Extracted data entries:

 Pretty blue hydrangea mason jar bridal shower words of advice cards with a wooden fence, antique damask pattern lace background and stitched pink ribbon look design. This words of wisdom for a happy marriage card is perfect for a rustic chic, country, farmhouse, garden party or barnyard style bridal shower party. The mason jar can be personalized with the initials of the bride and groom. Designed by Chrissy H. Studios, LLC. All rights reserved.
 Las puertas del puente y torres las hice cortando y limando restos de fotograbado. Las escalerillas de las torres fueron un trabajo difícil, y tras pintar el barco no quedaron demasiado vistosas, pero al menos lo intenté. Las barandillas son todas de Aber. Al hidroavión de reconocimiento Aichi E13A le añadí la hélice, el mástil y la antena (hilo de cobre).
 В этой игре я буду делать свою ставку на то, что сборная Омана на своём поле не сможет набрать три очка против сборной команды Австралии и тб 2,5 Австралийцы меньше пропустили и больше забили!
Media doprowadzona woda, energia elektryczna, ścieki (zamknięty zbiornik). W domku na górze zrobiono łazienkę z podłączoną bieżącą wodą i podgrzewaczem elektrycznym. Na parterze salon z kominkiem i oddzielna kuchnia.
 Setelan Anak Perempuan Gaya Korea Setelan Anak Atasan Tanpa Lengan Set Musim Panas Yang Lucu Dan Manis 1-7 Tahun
==
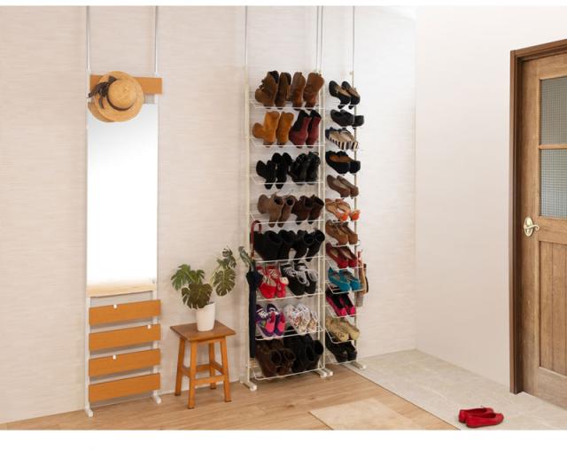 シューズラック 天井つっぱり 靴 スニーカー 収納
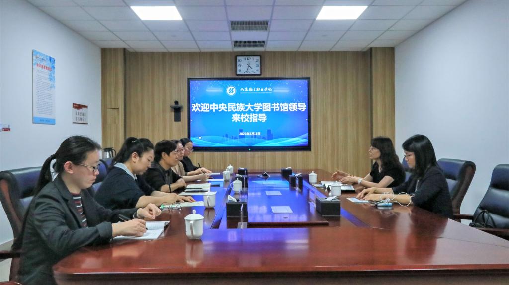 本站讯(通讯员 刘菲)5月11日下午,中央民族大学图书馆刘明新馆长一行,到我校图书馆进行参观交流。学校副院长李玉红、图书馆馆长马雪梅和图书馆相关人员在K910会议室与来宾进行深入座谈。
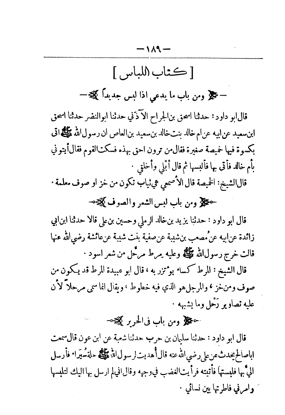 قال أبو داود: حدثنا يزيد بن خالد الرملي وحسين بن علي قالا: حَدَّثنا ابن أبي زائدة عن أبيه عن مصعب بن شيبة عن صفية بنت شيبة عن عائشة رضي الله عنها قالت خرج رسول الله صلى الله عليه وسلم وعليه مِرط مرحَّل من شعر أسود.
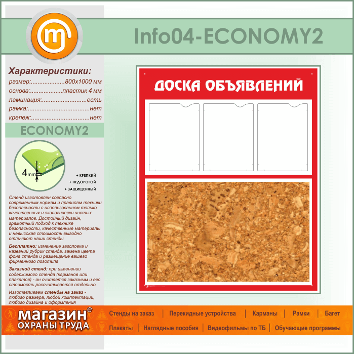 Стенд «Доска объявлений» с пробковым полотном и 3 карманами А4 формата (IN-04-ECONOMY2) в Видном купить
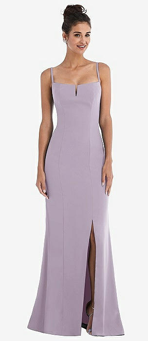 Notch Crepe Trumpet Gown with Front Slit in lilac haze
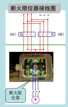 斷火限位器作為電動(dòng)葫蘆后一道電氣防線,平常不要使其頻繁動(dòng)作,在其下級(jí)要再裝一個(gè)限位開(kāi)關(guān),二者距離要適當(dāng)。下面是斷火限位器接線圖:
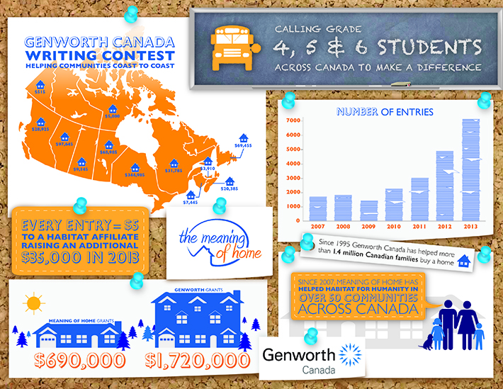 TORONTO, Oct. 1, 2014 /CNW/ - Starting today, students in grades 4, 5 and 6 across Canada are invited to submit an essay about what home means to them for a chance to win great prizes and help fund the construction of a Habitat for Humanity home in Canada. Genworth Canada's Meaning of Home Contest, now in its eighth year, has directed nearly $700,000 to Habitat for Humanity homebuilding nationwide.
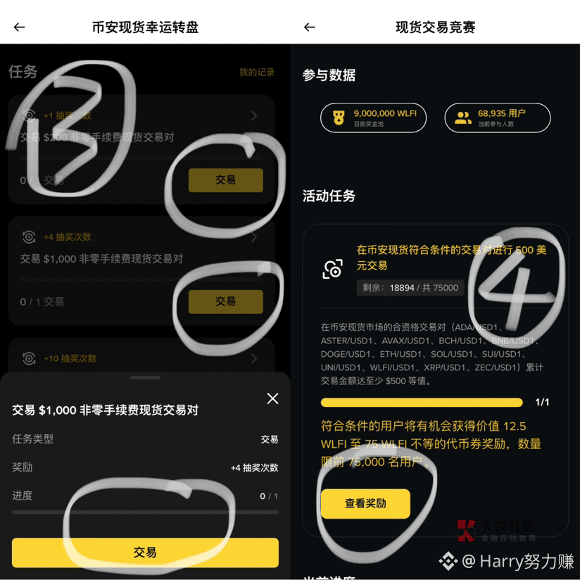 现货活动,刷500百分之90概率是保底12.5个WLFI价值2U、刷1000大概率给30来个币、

» **Your goal**:
Please transcribe exactly the part of the records that opens with the line containing "シューズラック 天井つっぱり 靴 スニーカー 収納" and closes with the line containing "قال أبو داود: حدثنا", both ends included, and leave out the pictures.

» **Result of the exercise**:
 シューズラック 天井つっぱり 靴 スニーカー 収納
 本站讯(通讯员 刘菲)5月11日下午,中央民族大学图书馆刘明新馆长一行,到我校图书馆进行参观交流。学校副院长李玉红、图书馆馆长马雪梅和图书馆相关人员在K910会议室与来宾进行深入座谈。
 قال أبو داود: حدثنا يزيد بن خالد الرملي وحسين بن علي قالا: حَدَّثنا ابن أبي زائدة عن أبيه عن مصعب بن شيبة عن صفية بنت شيبة عن عائشة رضي الله عنها قالت خرج رسول الله صلى الله عليه وسلم وعليه مِرط مرحَّل من شعر أسود.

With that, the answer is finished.